# Funny CL Band Ad



## Guest (Mar 15, 2008)

See: http://ottawa.craigslist.ca/muc/596053660.html

Here's the entire text from here in case it gets taken down. Pretty funny stuff. As much as this is a joke there's a ring of truth to it when you take a look at some of the ads that go up.

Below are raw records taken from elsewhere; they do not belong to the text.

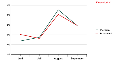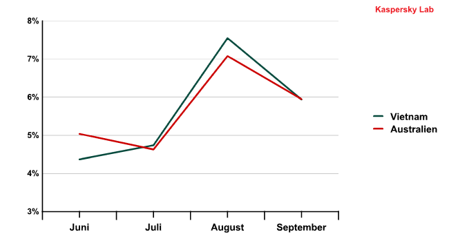Interessant ist auch die Versendungsdynamik von Schadcode auf dem Gebiet von Vietnam und Australien: Im Laufe des gesamten Quartals entwickelten sich die Werte dieser Länder praktisch identisch.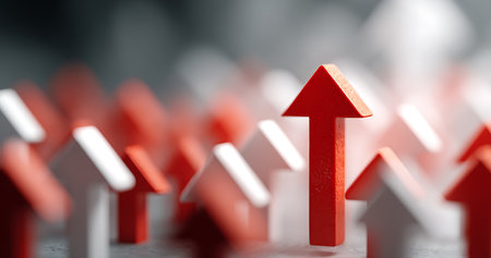 Vibrant red and blue wooden arrows ascend on pristine white blocks, symbolizing growth and progress against a calming teal backdrop.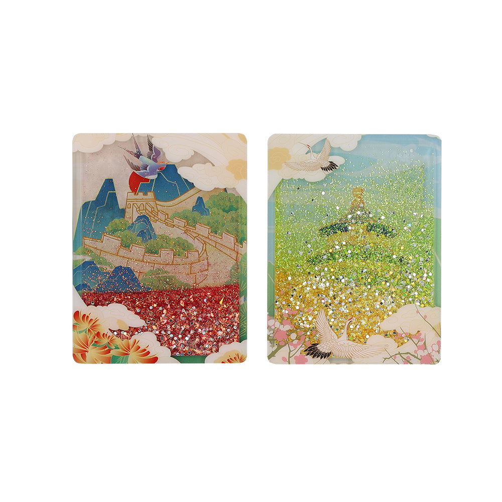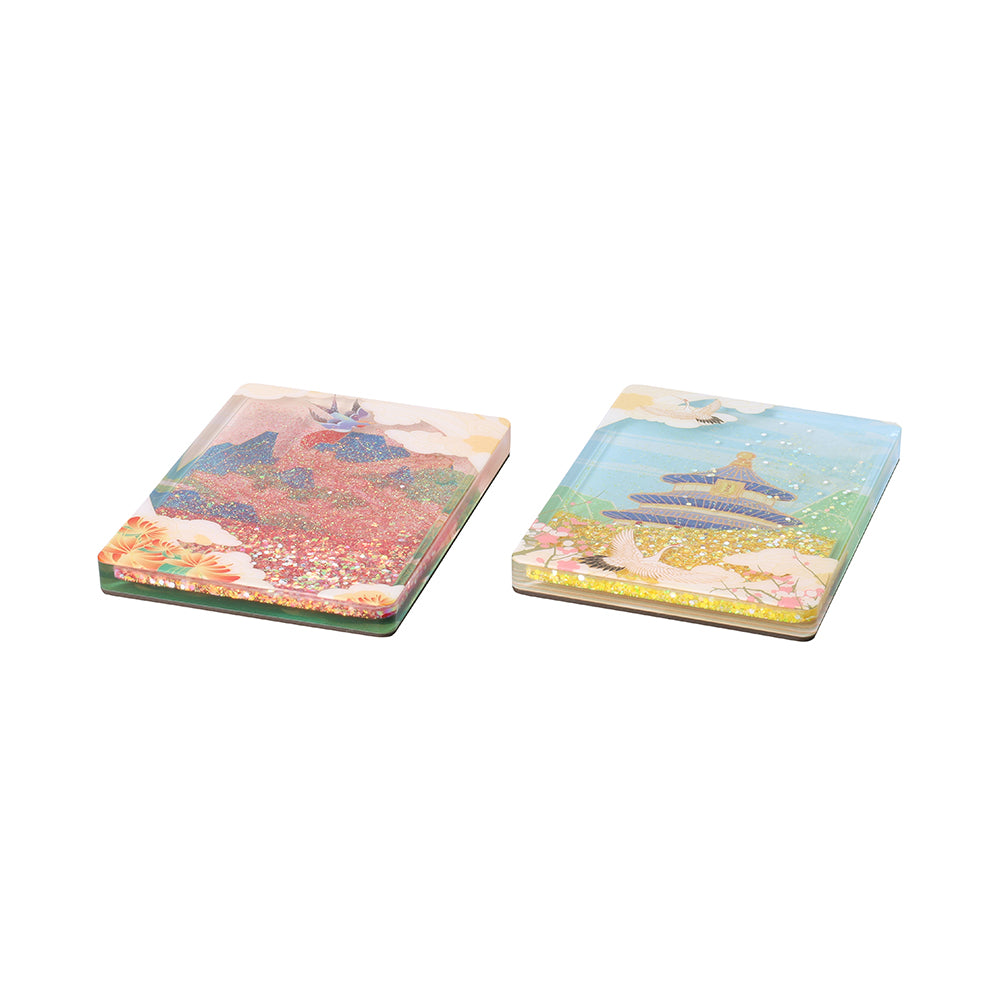 中の液体やラメ・パーツで静止物では出せない動きのある演出ができ、キャラクター・ロゴ・観光地デザインとの相性が抜群。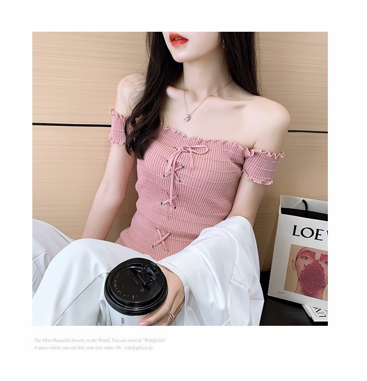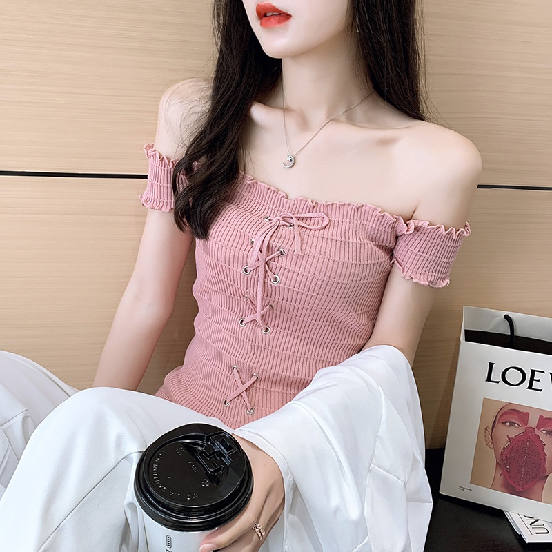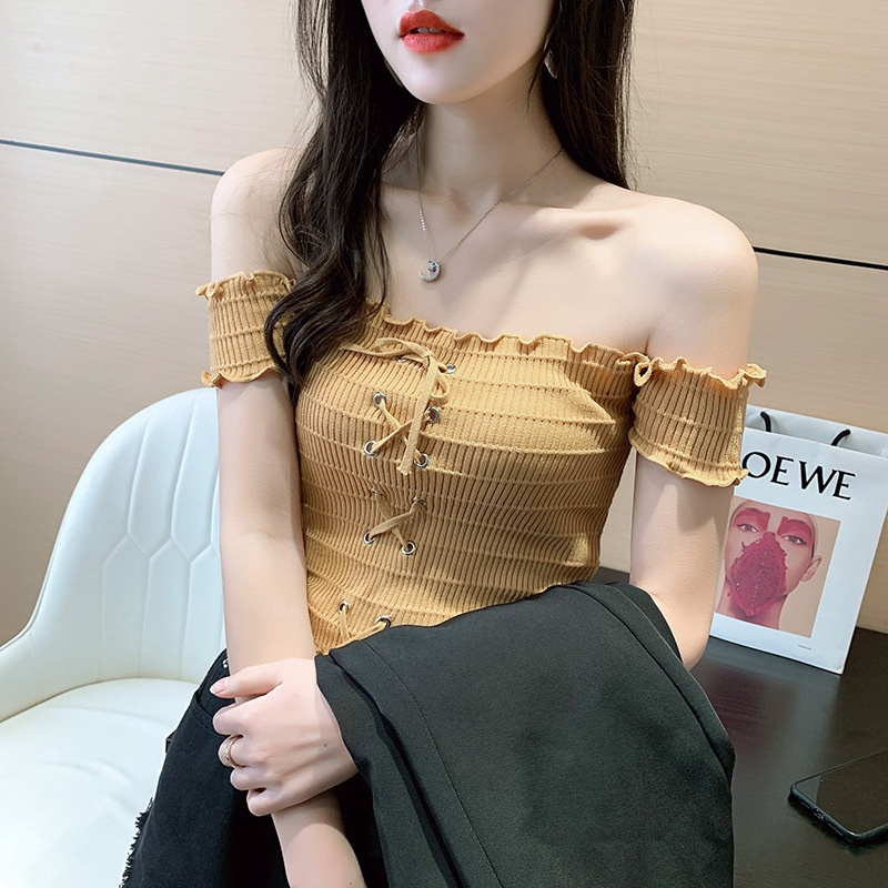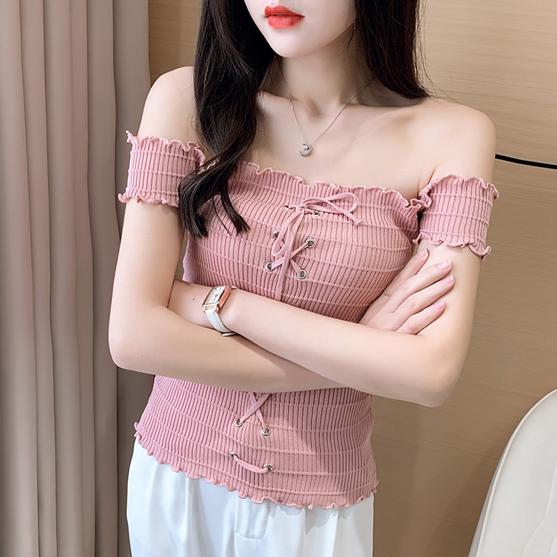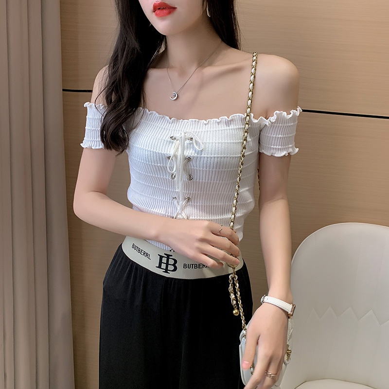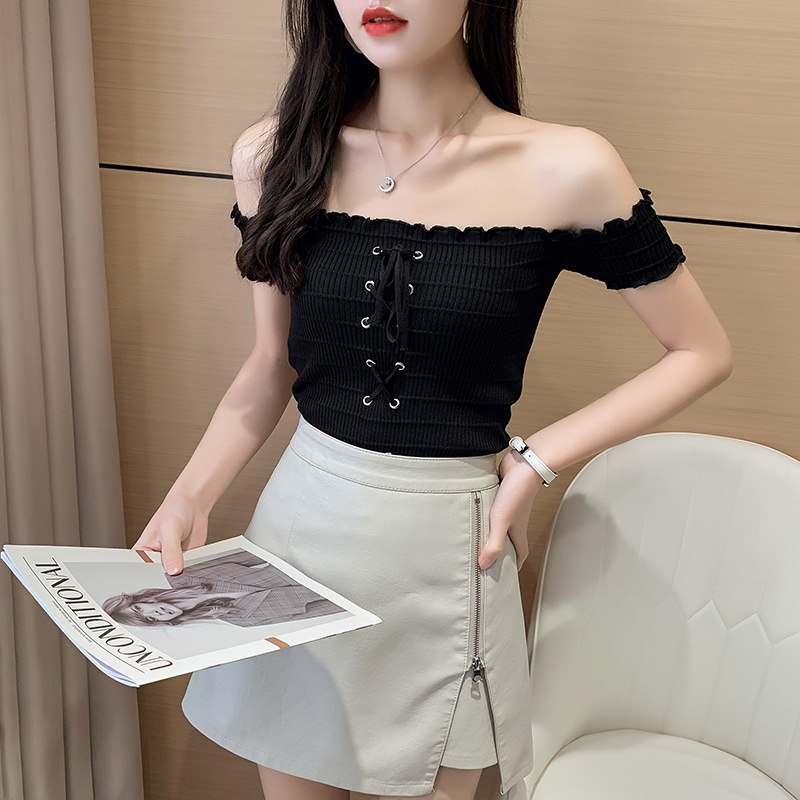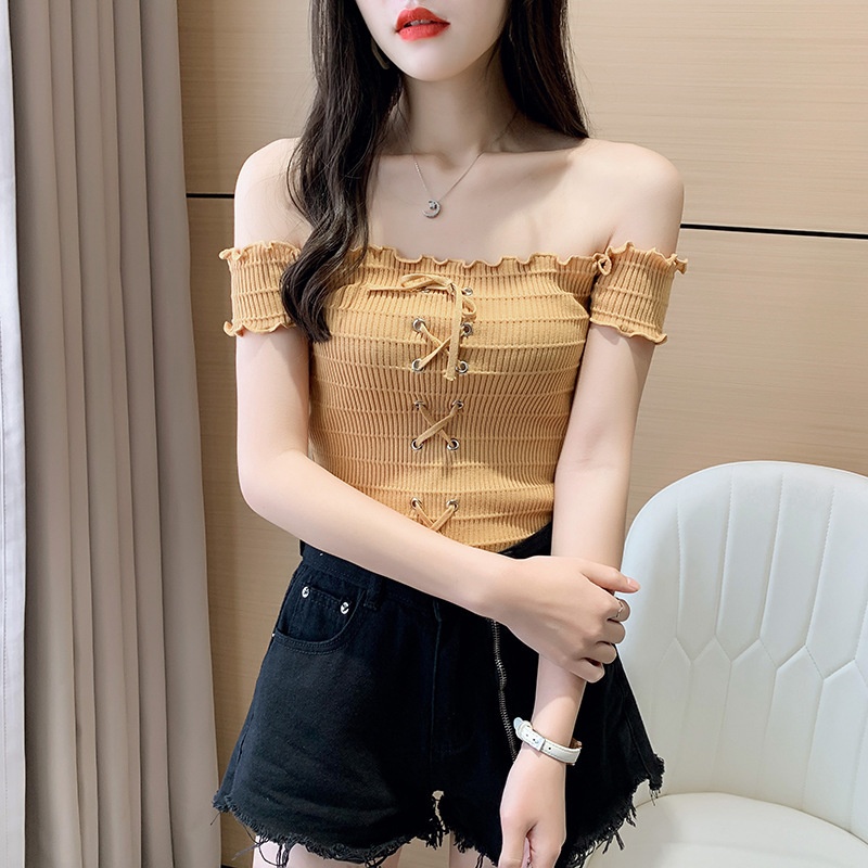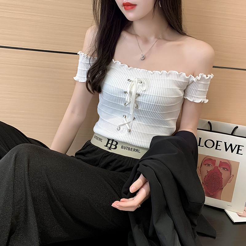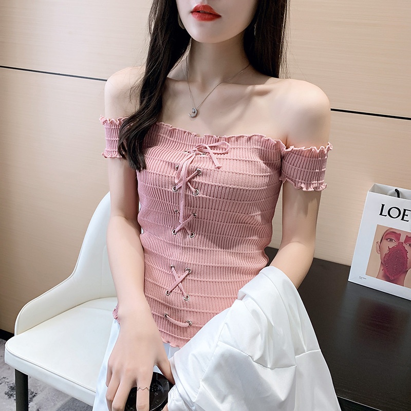 网红度假风一字领上衣女小清新露肩甜美木耳边短袖T恤修身显瘦夏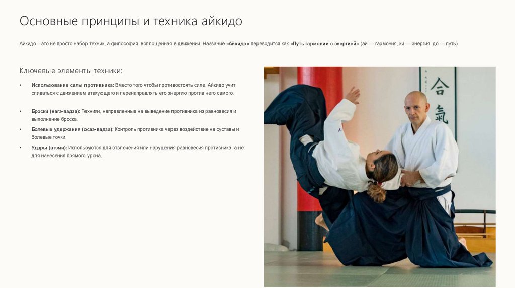 Основные принципы и техника айкидоАйкидо – это не просто набор техник, а философия, воплощенная в движении. Название «Айкидо» переводится как «Путь гармонии с энергией» (ай — гармония, ки — энергия, до — путь).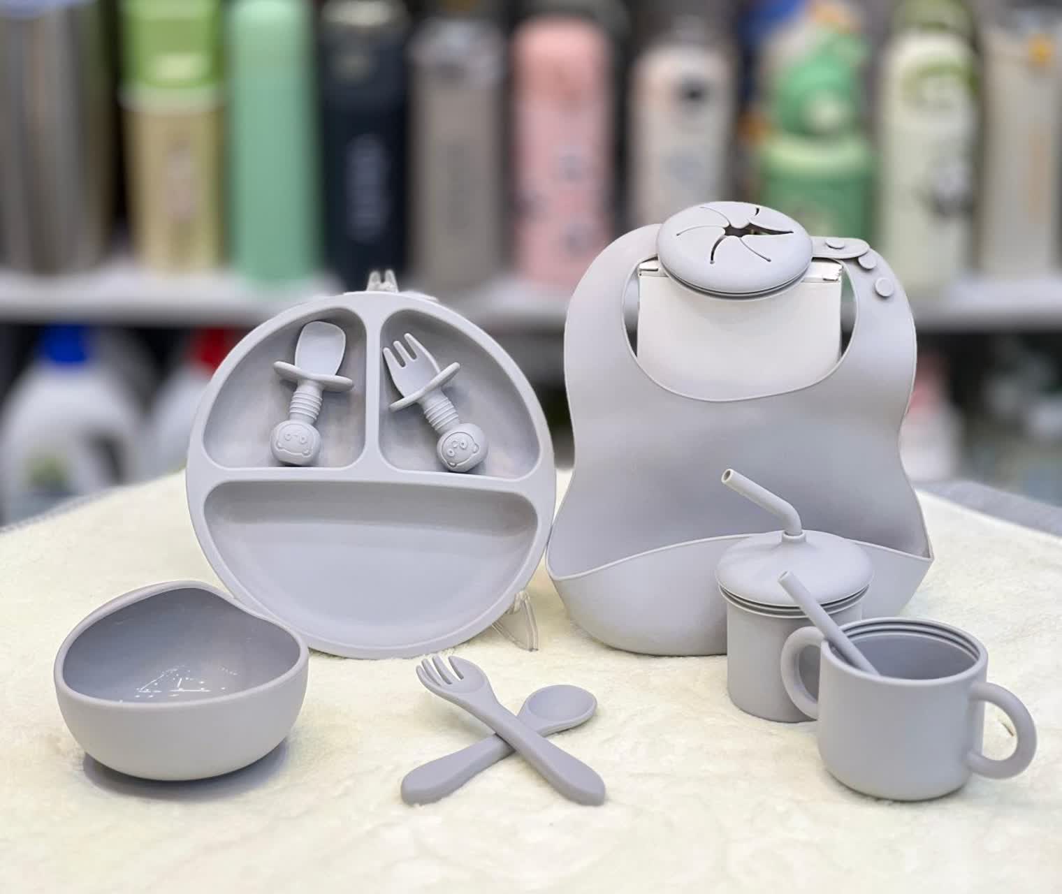 ست ظرف غذا سیلیکونی 13 تکه با قاشق و چنگال پستونکی مجموعهای ایمن و کاربردی برای تغذیه کودکان بالای ۶ ماه است. این ست شامل بشقاب چسبان، کاسه چسبان، پیشبند کاسهدار، لیوان دستهدار با نی، لیوان با درپوش و نی، و قاشق و چنگال سیلیکونی و قاشق چنگال پستونکی است. با جنس سیلیکونی و نشان BPA Free، این محصول انتخابی ایدهآل برای والدینی است که به دنبال ظروف ایمن و شیک برای سیسمونی هستند.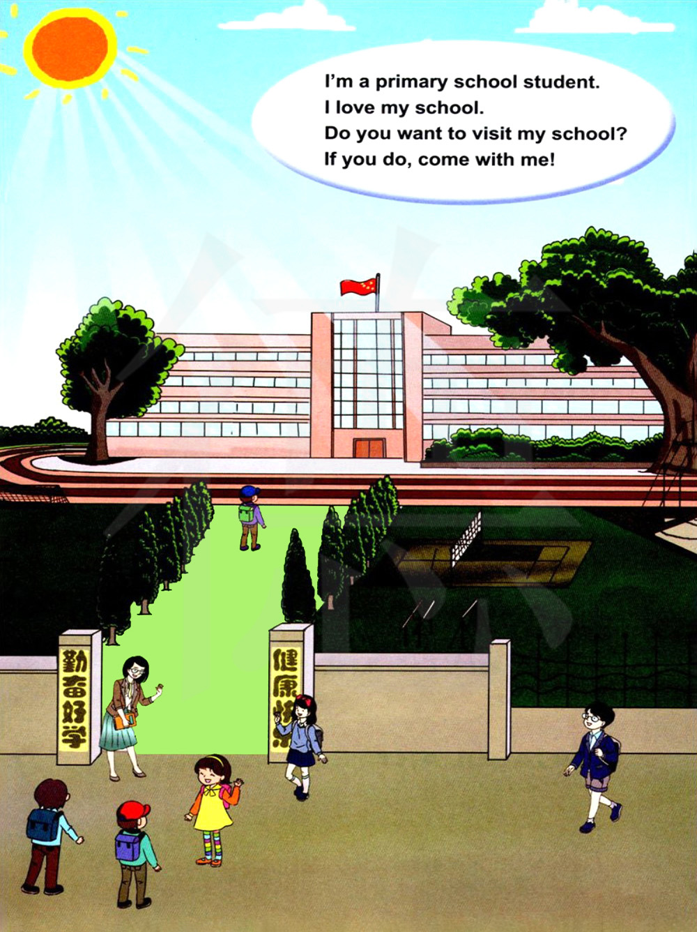 你想参观我的学校吗?如果你想的话,就跟我一起来吧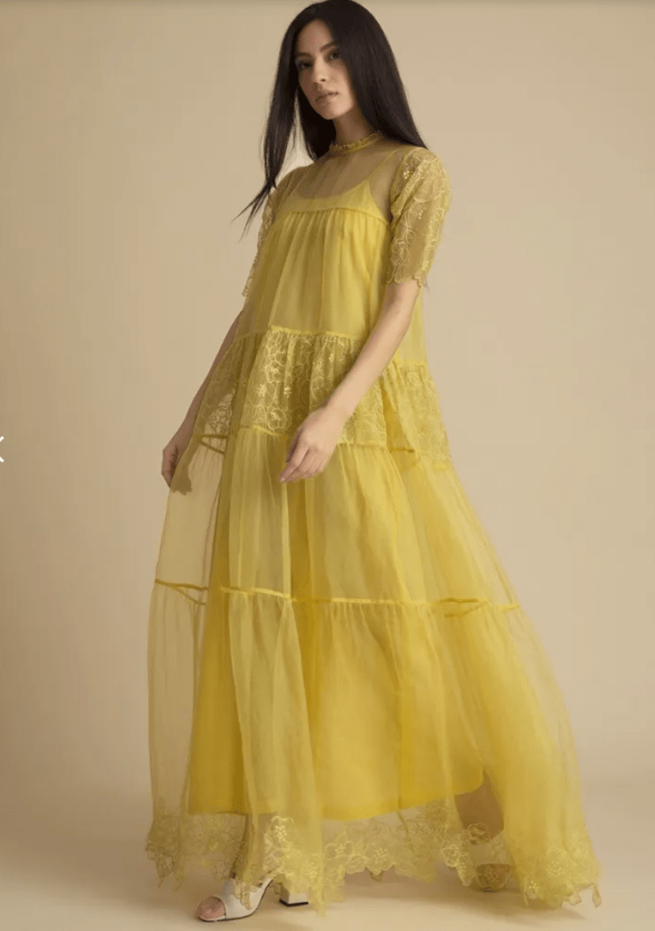 The Loom, may not be on the popular it’s “designer” list, but this dress should definitely be on your “bucket list”! I love how the Organza has been gently crafted in a subtle tone to overlay the dress. Isn’t this dress just perfect for a fancy lunch out with your friends?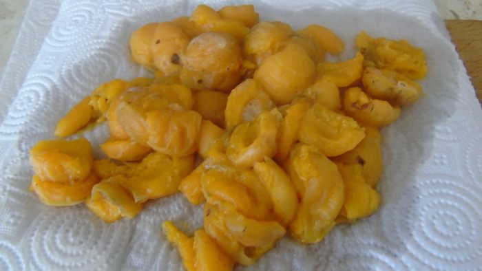 Пока наше тесто прохлаждается, мы приготовим начинку. Абрикосы очистить от косточек, положить в кастрюльку, добавить сахар, 1 пакетик чая с манго, залить водой, так чтоб вода покрывала фрукты. Тушить на маленьком огне, пока абрикосы не будут легко протыкаться вилкой. Выложить на бумажное полотенце. Дать остыть.

> We are a pro band that plays pro covers and originals in a mix of funk, afro-cuban, metal, rock, baion, cha-cha, R&B, jazz, pop, progressive, merengue, punk, alternative, guaganco, gospel, classical, electronica, ska, soca, country, dance, calypso, fusion, bikutsi, reggae, samba, klezmer, and more.
> 
> Looking for pro drums, bass, guitar, keys, sax, flute, cello, sitar, harmonica, accordion, DJ, bohdran, tin whistle, jaw harp, spoons, ocarina, musical saw, and theremin.
> 
> ...


----------



## Lester B. Flat (Feb 21, 2006)

That's hilarious! I've seen ads for those "bands" looking for drums, bass and keys etc. Hey, look at me. I'm a band!


----------



## Slidewinder (Apr 7, 2006)

Where do I sign?sdsre


----------



## NB-SK (Jul 28, 2007)

I was funny just reading it... and then saw the picture. LOL.


----------



## zinga (Apr 22, 2007)

like that was just to pro man, lol lol lol , :banana: :banana: :banana: can i play to, still laughing here ohhhh wife is laughing now pro you later. :banana:


----------



## zontar (Oct 25, 2007)

It's vague, yet specific.

I think this pro amateur band may get off the ground, if it doesn't stall on the runway.


----------



## Slidewinder (Apr 7, 2006)

Well I hope it's real. I spent the afternoon up in the attic trying on my old 
80's spandex outfits and converse running shoes. Spandex is a little tighter than I remember, must be the dry air in the attic, bad for shrinkage.
Had the wife go out to shopper's drug mart for a couple of tubes of industrial strength hair gel and Just for Men hair dye(I hear Emo black is in), and I might have to shave my arm pits and ear hair but I can live with that for the good of the band.
Even strung that pesky good for nothing E string back on the guitar for the pictures.
Am I a pro or what?


----------



## NB-SK (Jul 28, 2007)

Slidewinder said:


> Well I hope it's real. I spent the afternoon up in the attic trying on my old
> 80's spandex outfits and converse running shoes. Spandex is a little tighter than I remember, must be the dry air in the attic, bad for shrinkage.
> Had the wife go out to shopper's drug mart for a couple of tubes of industrial strength hair gel and Just for Men hair dye(I hear Emo black is in), and I might have to shave my arm pits and ear hair but I can live with that for the good of the band.
> Even strung that pesky good for nothing E string back on the guitar for the pictures.
> Am I a pro or what?


Only when you get your chest and back waxed and start drinking Heineken and Jack Daniel's. 

PS. Having a pet tiger would help. Extra points if it's a white one.


----------